By Ximena Vengoechea | The Muse

When it comes to improving communication in the workplace, you may have learned how to give better presentations, more clearly articulate your ideas, and even influence others through better pitches, decks, and speeches. But you might not have focused as much on honing the other side of the equation: listening skills.

Becoming a better listener comes with real advantages in the workplace. Effective listening helps you to understand others better, allowing you to get your work done on time. It enables you to improve partnerships with your peers and thereby collaborate more effectively. It can even help you shift the balance of your relationship with your manager from head-scratching (What did their feedback mean?) to aligned.

And there’s one type of listening that deserves extra attention for its quietly powerful impact on your career: empathetic listening.

What Is Empathetic Listening?
At its core, empathetic listening is about connection. Empathetic listening is what happens when you deliberately slow things down and seek to understand others’ inner worlds. It means taking in what another person is saying—or not saying—with the intent to understand and relate to them on a human level.

It’s similar to its counterpart, active listening, in that both kinds of listening require giving your full attention to another person in order to better understand them. But unlike active listening, empathetic listening puts a special emphasis on understanding the other person’s emotional experience. Where active listening may readily result in a list of action items, empathetic listening is focused on a stronger connection among teammates and a clearer understanding of another person’s needs, motivations, and perceptions. (Sure, this information can also help you get to a better to-do list or set of action items, but these would be the byproducts of building a stronger relationship with someone, rather than the first-level goal.)

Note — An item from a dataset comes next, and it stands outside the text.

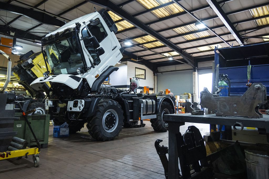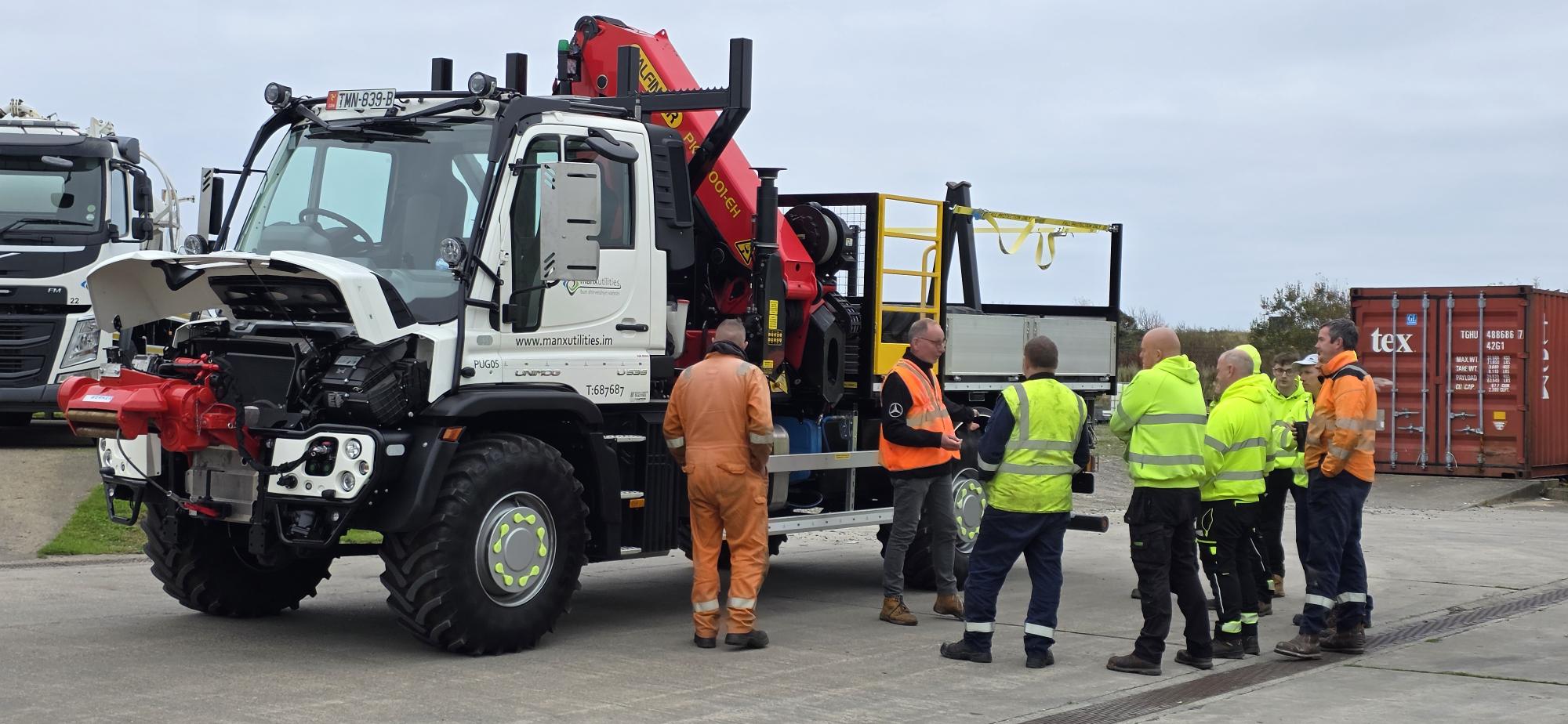 December 2025 and The Isle of Man Department of Infrastructure and Manx Utilities took delivery of the second of 2 new custom adapted Long-wheelbase Unimogs. The standard long-wheelbase U535’s received our factory approved extension to 4500mm to accommodate pole carrying bolsters, a Palfinger crane and custom body. No handover is complete, of course, without some dedicated handover training from our own MD, Tony Levitt who flew to the island to demonstrate the new vehicles extraordinary abilities to the new working team.

Empathetic listening asks you to go beyond the surface of what is being said to unpack why and how it’s being said and get to know someone’s emotional experience—and empathize with it. This kind of listening goes beyond the literal, and even beyond the subtext of what’s been said, to the emotion beneath it.

Through empathetic listening, you can create a space in which others feel safe being themselves, laying the foundation for open and honest communication between both the speaker and the listener.